I suspect the Kerberos authentication is failing as it is unable to obtain the Security Credentials for the User - Kerberos is a little more picky than NTLM as a Kerberos 5 ticket needs to be obtained before actually sending anything over the wire.

• What format username are you using?
• What URL are you using to contact your Exchange Server?
• What are the registered SPNs for the Exchange Server?

As such I suspect that the call to AcquireCredentialsHandle() in curl_sasl_sspi.c:940 is failing.

If you want to specifically use NTLM you can use the following to request NTLM as opposed to GSSPI:

curl -v pop3://;AUTH=NTLM@mail.example.com --user EXAMPLE\me

Kind Regards

Steve

[gyokketto]

Hi Steve,

Explicitly adding curl_easy_setopt(curl_, CURLOPT_LOGIN_OPTIONS, "AUTH=NTLM"); works as you suggested.

Thank you.

[captain-caveman2k]

Hiya,

Cool - i'm glad NTLM's working for you.
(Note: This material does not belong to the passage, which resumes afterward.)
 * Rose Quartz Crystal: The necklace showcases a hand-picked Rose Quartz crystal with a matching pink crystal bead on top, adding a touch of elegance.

You can use GSSAPI with an Exchange Server using curl - in fact it's how I developed the SASL GSSAPI support in curl ;-)

It's just a little more fiddle:

a) You need to include the domain name in the user name (either using down-level format or as an UPN).
b) You can't use a server alias in the URL (like mail.example.com instead of exch-svr01.example.com) unless the SPN is registered for the service (IMAP, POP3, SMTP).

Kind Regards

Steve

[paresy]

This is definitely a backwards compatibility issue!
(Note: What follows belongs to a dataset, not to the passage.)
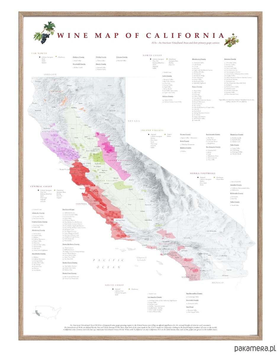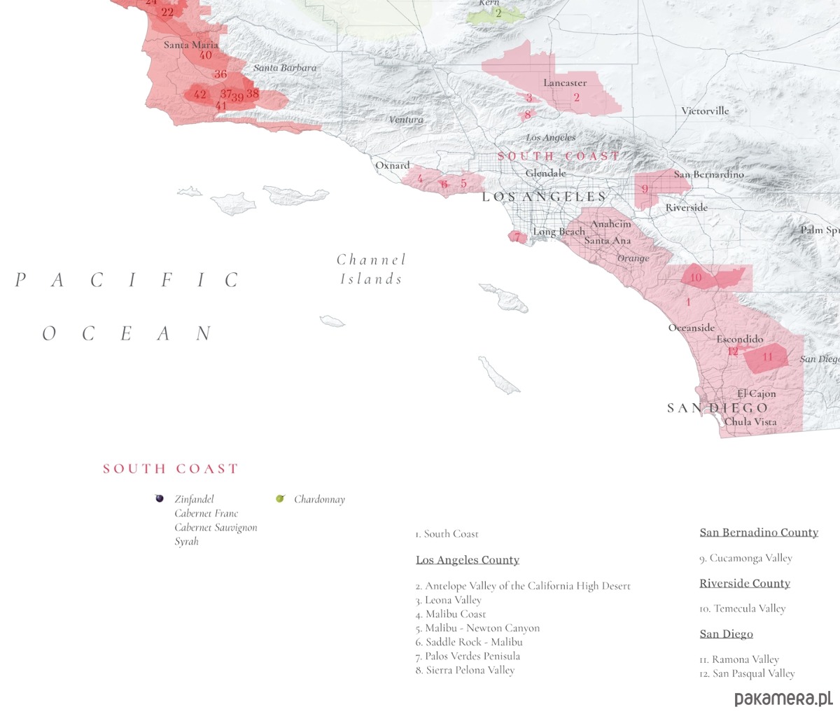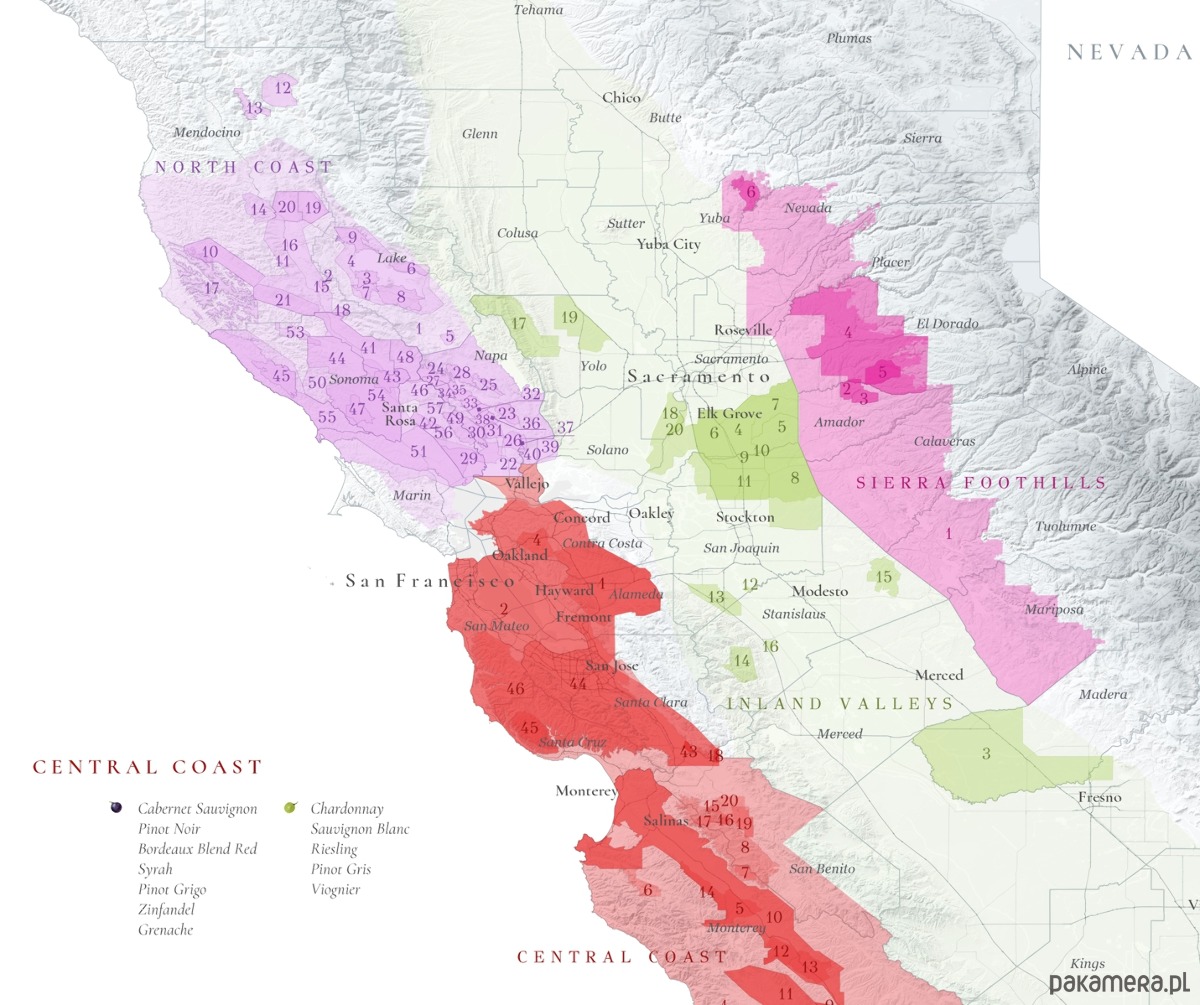 * Główne szczepy winorośli w tych rejonach z podziałem na białe i czerwone.

All users that relied on NTLM authentication (which was working) are now forced to update their configuration, as the newly implemented GSSAPI seems to require a domain name. cURL does not fall back to NTLM if GSSAPI fails. Neither do we have a chance to just disable GSSAPI from the API level. We can just force NTLM, which does not work for all cases.
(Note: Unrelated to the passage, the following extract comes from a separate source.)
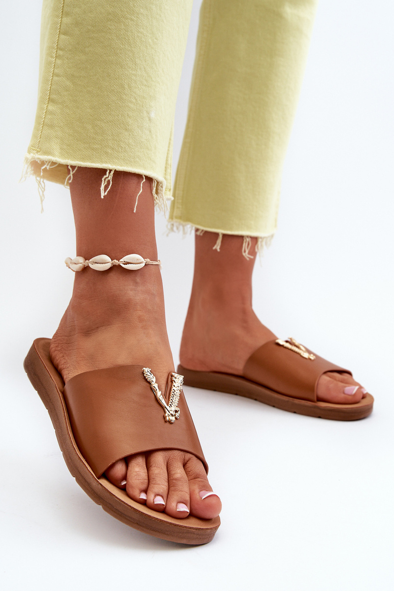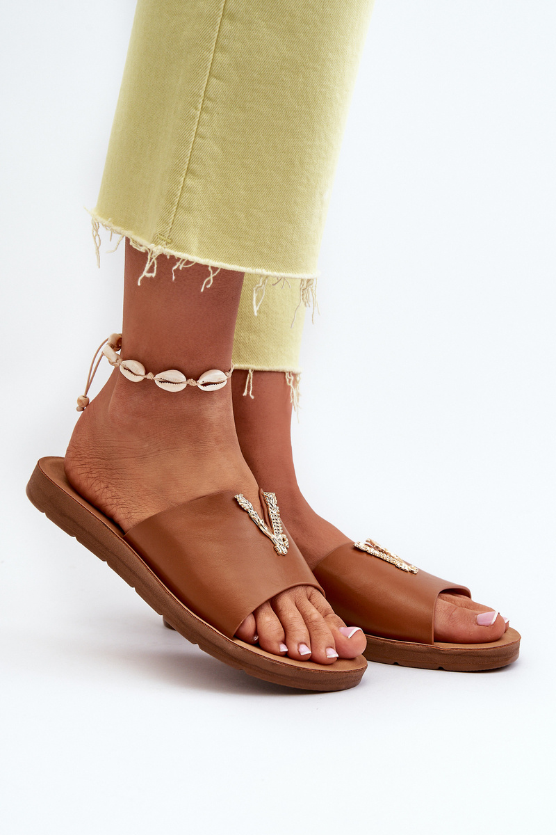 Women's Flat Sole Sandals with Eco Leather Decoration Brown Makia

As cURL strives for backwards compatibility, i hope that you can reconsider reopening the issue.

[bagder]

I'm inclined to agree with you. As GSSAPI was previously ignored curl picked NTLM just fine so by adding support for that we broke how curl used to work against the same server. I'm not sure exactly what the spec says, but I would guess that we could try another if the first method fails. Alternatively, we could alter the priority order of the auth methods or something.

This said, just opening this bug will not magically result in this problem getting fixed. Someone also needs to actually step up and work on the code. I'm opening this now, but I will close it again if it goes stale and then instead add the bug to the KNOWN_BUGS document where old bugs that nobody works on go to grow old...

[paresy]

Thanks for reopening. You can also add SMTP and IMAP labels, as those are affected as well.

Hints to the ideas on how to fix the problem:

1. Altering the priority would fix the problem, but would break the rules of using the "safest" authentication method first. Also breaks for all users that successfully use GSSAPI since the release. I don't know what cURL rules are for this case.

2. Using NTLM after GSSAPI would fix the bug very nicely, but how about a failing NTLM authentication? Will it revert to PLAIN? This sound like a potential downgrade attack.

3. As a workaround: Is it possible to disable GSSAPI at the API level?
   e.x blacklist: curl_easy_setopt(curl_, CURLOPT_LOGIN_OPTIONS, "AUTH=-GSSAPI");
   e.x. whitelist: curl_easy_setopt(curl_, CURLOPT_LOGIN_OPTIONS, "AUTH=NTLM PLAIN");

Regards,
Michael

[iboukris]

In my opinion GSSAPI differs from other auth method, while with other methods if auth failed via NTLM (on supporting server) it'll probably fail with Basic with the same password, but GSSAPI fails if it doesn't have a ticket, without actually trying.

So we could just remove gssapi from supported auth method of this request if it fails to generate a token (I don't think it is a security concern as the user denotes what auth methods to support).

I'm not familiar with POP code but I can picture how it would look in HTTP Negotiate code where we have the same problem basically, see issue #876 for instance.
Note that in the HTTP case, ignoring gssapi would only occur after trying with an additional empty request as only then we try to generate the token but it should work.